__The data__.
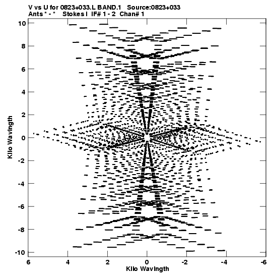 • Links is a collection of links that will show you the GIF uv-coverage and visibility plot for this data set in pop-up windows. See the README file on how to interpret these plots. They'll also get you to the project pipelining scripts and information log files as well as the full multi-source archive data on this project.
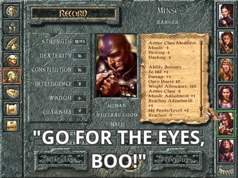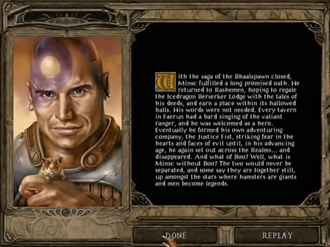 It was just great finding here Minsc, the deranged barbarian ranger from the awesome 1998 Baldur's Gate videogame series, and his "space hamster" Boo, a low resolution pixeled fantasy duo that left an indelible mark on PC and D&D gamers everywhere in the world.
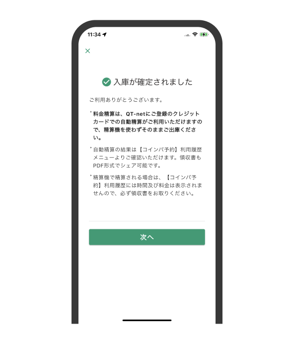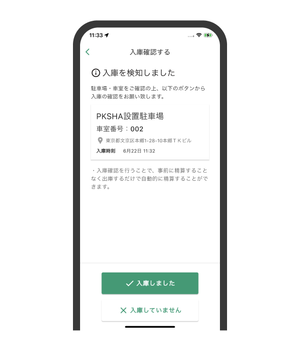 ※「入庫の心当たりない場合や、入庫しても現地精算をしたい場合に「x入庫していません」を押してください」

__What is being asked__. When copying the data above, repeat every word exactly and drop the pictures.

__Written answer__.
 • Links is a collection of links that will show you the GIF uv-coverage and visibility plot for this data set in pop-up windows. See the README file on how to interpret these plots. They'll also get you to the project pipelining scripts and information log files as well as the full multi-source archive data on this project.
 It was just great finding here Minsc, the deranged barbarian ranger from the awesome 1998 Baldur's Gate videogame series, and his "space hamster" Boo, a low resolution pixeled fantasy duo that left an indelible mark on PC and D&D gamers everywhere in the world.
 ※「入庫の心当たりない場合や、入庫しても現地精算をしたい場合に「x入庫していません」を押してください」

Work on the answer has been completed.